Safety Body: Equinor's Melkøya LNG Plant Broke Rules Ahead of 2020 Fire

Credit: Equinor
Credit: Equinor

Equinor must fix a series of rule breaches exposed by a fire at its Melkoeya liquefied natural gas (LNG) plant in Norway last year for the plant to reopen, the country's safety watchdog said on Thursday.

The September 2020 blaze shut down production at the plant, also referred to as Hammerfest LNG, and Equinor has said it could take until October to be repaired.

"The serious breaches that we saw are related specifically to management and compliance to procedures ... and also to manning in the organization," Anne Myhrvold, director of the PSA watchdog, told Reuters after presenting the investigation's findings.

Other deficiencies were related to risk analysis and filter maintenance, as well as the need for an overview of the emergency response resources, she added.

The fire broke out in the air intake of a gas turbine generator, the PSA said, where filters had likely auto-ignited after being clogged by insects.

The filters had not been replaced since 2015, while Equinor had previously changed them every two years, it added.

No workers were injured in the six-hour blaze.

The watchdog ordered Equinor to ensure operations staff had access to the information needed to ensure safe operations and to demonstrate the plant has adequate staffing and competence to deal with all conditions.

The company must present a plan for complying with the orders by June 1 and address the issues raised before the plant can restart, the PSA said.
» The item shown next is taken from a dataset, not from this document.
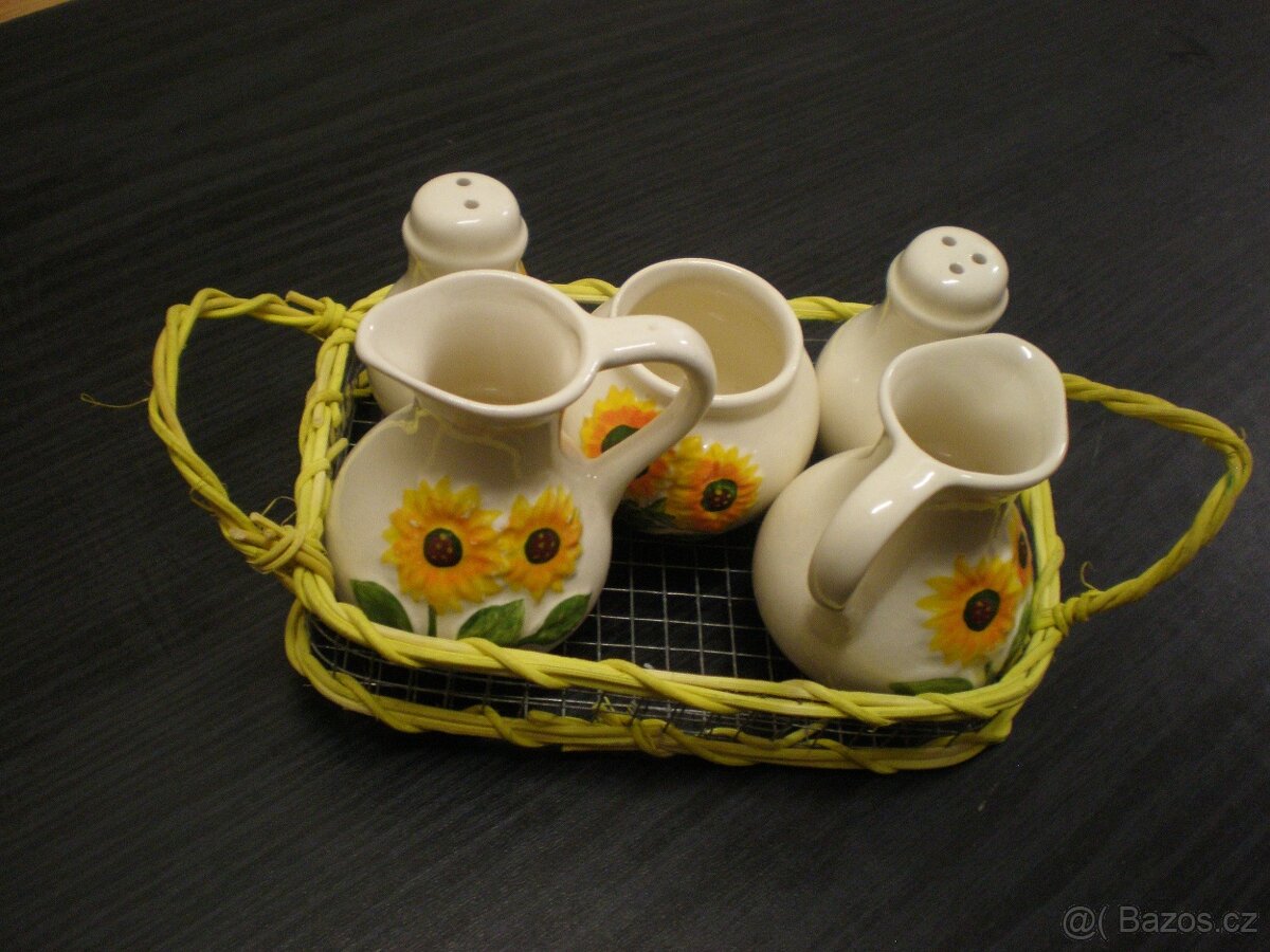 5 kusů keramických kořenek na proutěném podnosu. Slunečnicová ozdoba jídelního stolu. Při koupi dvou položek z mé nabídky získáte na tu dražší 10% slevu.

"We take this incident very seriously... and we will respond in a thorough and timely manner," Irene Rummelhoff, Equinor's head of marketing, midstream and processing, told Reuters.

Rummelhoff added the company's own investigation would look into why the filters had not been replaced earlier.
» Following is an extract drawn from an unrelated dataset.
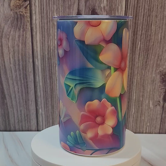Florals insulated 12 oz. steel tumbler, screw on lid

Europe's only large-scale LNG plant, at Melkoeya island just outside the Arctic town of Hammerfest, can process 18 million cubic meters (mcm) of gas per day when fully operational.

Gas is piped from the offshore Snoehvit field some 160 km (100 miles) away in the Barents Sea, which was also forced to shut as a result of the plant's closure.

On Dec. 2, a fire in a compressor building shut down operations at Equinor's methanol plant at Tjeldbergodden. The PSA is also investigating this incident but has not yet published its findings.